GDF15

GDF15
Available structures
PDBOrtholog search: PDBe RCSB
Identifiers
AliasesGDF15, GDF-15, MIC-1, MIC1, NAG-1, PDF, PLAB, PTGFB, growth differentiation factor 15, TGF-PL
External IDsOMIM: 605312; MGI: 1346047; HomoloGene: 3576; GeneCards: GDF15; OMA:GDF15 - orthologs
Orthologs
SpeciesHumanMouse
Entrez
Ensembl
UniProt
RefSeq (mRNA)

NM_004864

NM_011819
NM_001330687

RefSeq (protein)

NP_004855

NP_001317616
NP_035949

Location (UCSC)Chr 19: 18.37 – 18.39 MbChr 8: 71.08 – 71.09 Mb
PubMed search[3][4]
Wikidata
View/Edit HumanView/Edit Mouse

Growth/differentiation factor 15 is a protein that in humans is encoded by the GDF15 gene. GDF15 was first identified as Macrophage inhibitory cytokine-1 or MIC-1.[5]
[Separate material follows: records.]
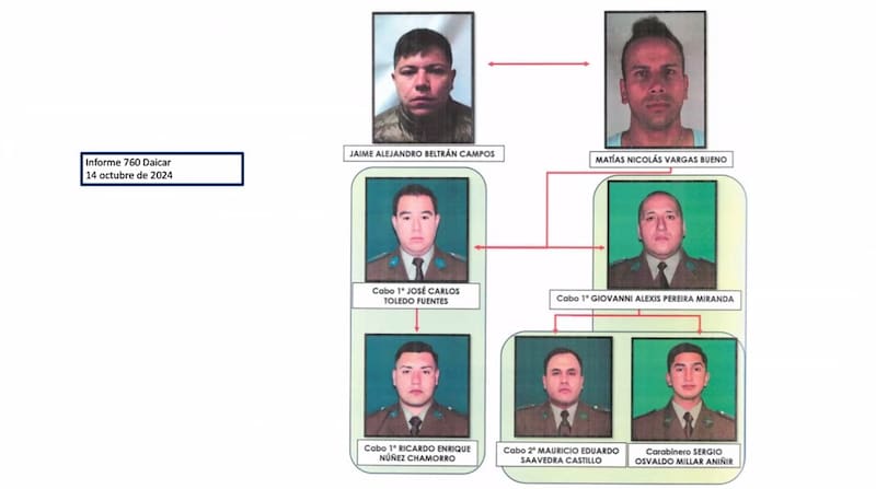 El cabo primero Giovanni Pereira Miranda fue el nexo y tenía la misión de reclutar a otros uniformados de Rancagua para diversas labores que contribuyeran al robo. Así llegaron los cabos primero Ricardo Núñez Chamorro, José Toledo Fuentes, el cabo segundo Mauricio Saavedra Castillo y el carabinero Sergio Millar Aniñir. En esa reunión inicial estuvieron presentes los imputados que hoy se encuentran en prisión preventiva, Óscar Orellana (guardia de Brinks) Juan Ramírez, Matías Vargas Bueno y Jaime Beltrán Campos, este último sindicado por la Fiscalía como el líder de la agrupación criminal.
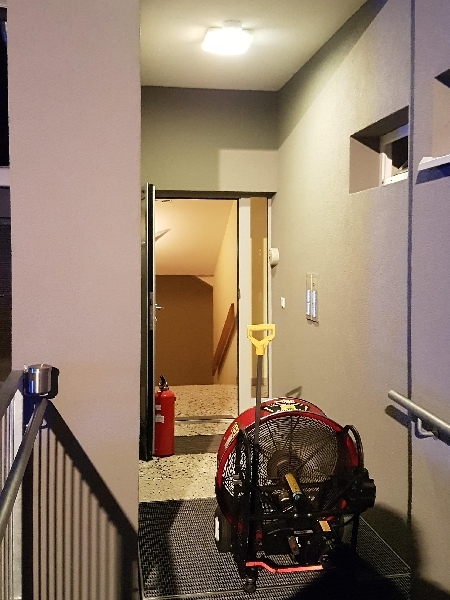 Das Stiegenhaus und der betroffene Bereich wurde mittels mehrerer Druckbelüfter rauchfrei gemacht.
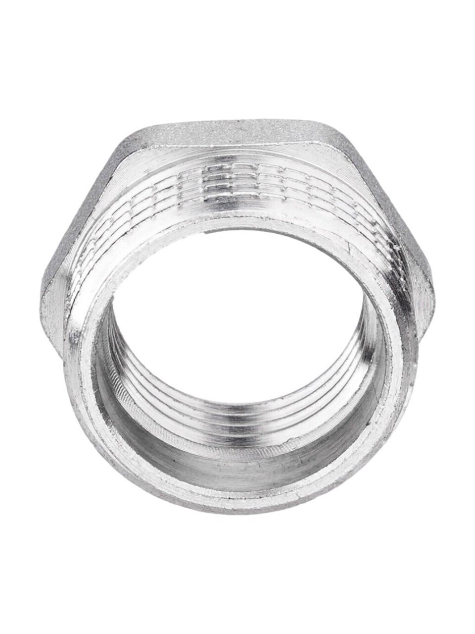 Футорка рассчитана на соединение элементов с резьбами 1 1/4'' и 2'', что позволяет использовать ее для перехода между разными типами труб в системах водоснабжения.
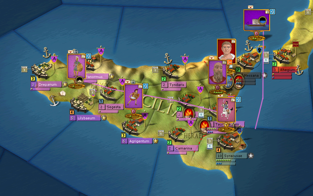 Otherwise, all quiet in Sicily. The Romans are licking their wounds in Catania/Tauromentorium and I'm going to force them to move to Camarina by holding in Henna.

It is a protein belonging to the transforming growth factor beta superfamily. Under normal conditions, GDF15 is expressed in low concentrations in most organs and upregulated because of injury of organs such as liver, kidney, heart and lung.[6][7][8]

Function

The function of GDF15 is not fully clear but it seems to have a role in regulating inflammatory pathways and to be involved in regulating apoptosis, angiogenesis, cell repair and cell growth, which are biological processes observed in cardiovascular and neoplastic disorders.[6][9][10][11]

Clinical significance

GDF15 has shown to be a strong prognostic protein in patients with different diseases such as heart diseases and cancer.[12] In cardiovascular tissues it is shown that GDF15 concentrations increase in response to atherosclerosis, ischemia/reperfusion injury and heart failure.[13] In patients with coronary artery disease (CAD), GDF15 is shown to be associated with adverse outcome such as mortality, myocardial infarction, stroke and with bleeding.[14]
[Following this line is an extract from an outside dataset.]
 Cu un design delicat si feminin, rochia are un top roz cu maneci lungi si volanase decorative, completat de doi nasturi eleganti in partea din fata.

However, elevated GDF15 levels in diseases such as cancer and heart disease may be the result of inflammation caused by these diseases. Note that GDF15 is necessary for surviving both bacterial and viral infections, as well as sepsis. The protective effects of GDF15 were largely independent of pathogen control or the magnitude of inflammatory response, suggesting a role in disease tolerance.[15]

Metformin was shown to cause increased levels of GDF15. This increase mediates the effect of body weight loss by metformin.[16] Further study has shown weight loss is promoted by maintaining energy expenditure in addition to appetite suppression.[17]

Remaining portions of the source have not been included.